Sax Rohmer’s “The Mystery of Dr. Fu-Manchu”. Rohmer, Sax. The Mystery of Dr. Fu Manchu. London: Methuen Publishing Ltd, 1989. Cover image from pulpcovers.com
By the 1970s, one might have hoped that this depiction would have changed to one less marred by damaging stereotypes, but unfortunately this is not the case. Fu-Manchu continues to hold ambitions of world domination, an Eastern menace who has plagued the “heroic” Western colonial authorities. Written amidst the Vietnam War and growing concerns towards Communist China, the cultural backdrop which influenced this characterization is clear. Likewise, racist adjectives persist, with Fu-Manchu referred to as an “inhuman yellow fiend” and other derogatory descriptors (Special Marvel Edition Vol 1 #15, pg. 10.).

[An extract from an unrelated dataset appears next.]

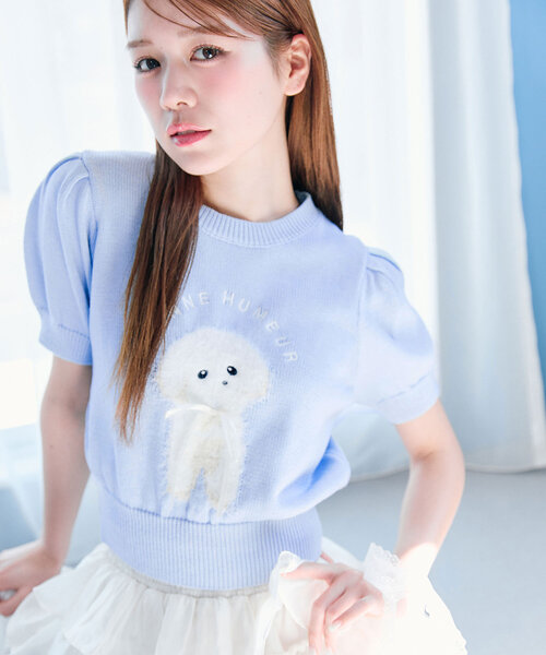 ふわふわアニマルが可愛い春夏にぴったりな半袖ニット ■デザイン ・カラーによって異なる動物たちとリボンがかわいいデザインです。 ・オフは三毛猫、イエローは2匹の猫、サックスは犬、ネイビーはクマです。 ・袖は程よく膨らんだパフスリーブデザインで、体型をカバーしつつ女性らしいシルエットを演出します。 ・柔らかくさらっとした触り心地のニットで、暖かい時期に着てもべたつきにくいです。 ■カラー ・オフ/イエロー/サックス/ネイビーの4色展開 ■スタイリング ・ティアードスカートやプリーツミニスカートと合わせて、可愛らしいフェミニンスタイルがおすすめ。 ・デニムパンツ合わせでカジュアルガーリーな着こなしもかわいいです。 -------------------------------- 裏地:なし 光沢感:なし 透け感:なし 伸縮性:あり 手洗い:可能 タンブラー乾燥:不可 アイロン:150℃まで -------------------------------- model:161cm/166cm ※着用、お取り扱いの際は、商品についている品質表示とアテンションタグを必ずご確認下さい。 ※ご覧のモニター環境や撮影環境により実際の商品と多少色味が異なって見える場合がございます。 ご理解の程よろしくお願いいたします。 ■お気に入り登録のおすす 【気になるアイテムを登録】 ハートをクリックしてお気に入りに登録すると 完売カラーの再入荷やラスト1点の通知、セールの通知を受けとることができます。 【ブランドを登録】 新商品や再入荷、セール通知など、いち早くブランドの情報を受けとることができます。

Negative characterization of some nature is expected for the portrayal of any villain; clearly, however, these negatives were rooted in bigotry. Even Shang-Chi’s birth itself has a basis in white supremacy, with his white American mother selected as the “scientifically perfect mother” to bear Fu-Manchu’s child (Special Marvel Edition Vol 1 #15, pg. 16.).
Shang-Chi and Fu-Manchu. These panels blend the two characters together, using imagery to highlight their similarities and differences. Englehart, Steve, and Jim Starlin. Special Marvel Edition Vol 1 #15. Marvel Comics, 1973, pg. 3.
This brings us to 2021 – have depictions of these characters changed for the better? Thankfully, the answer is yes. The film captures a respectful and open-minded perspective on its characters and their cultural origins; the characters are first and foremost human, relatable, and free from stereotypical depiction. Fu-Manchu, now Wenwu, is still a significant threat for Shang-Chi to overcome, but not for the xenophobic reasons of the 1913 novel or the 1970s comics. Both Chinese and Chinese-American culture is respected and are woven into the story such that they encourage inclusivity rather than inspire fear, and allow for storytelling that will doubtless better stand the test of time than its predecessors. Perhaps this might be attributed to its director and screenwriter, Destin Daniel Cretton (SDSU Alumnus, Film ‘11) and David Callaham respectively, both of Asian American descent. However it came to be, the story of the character of Shang-Chi lends an optimistic message: that we can learn from our mistakes, learn about each other, and overcome the biases of our past for a more diverse and inclusive future.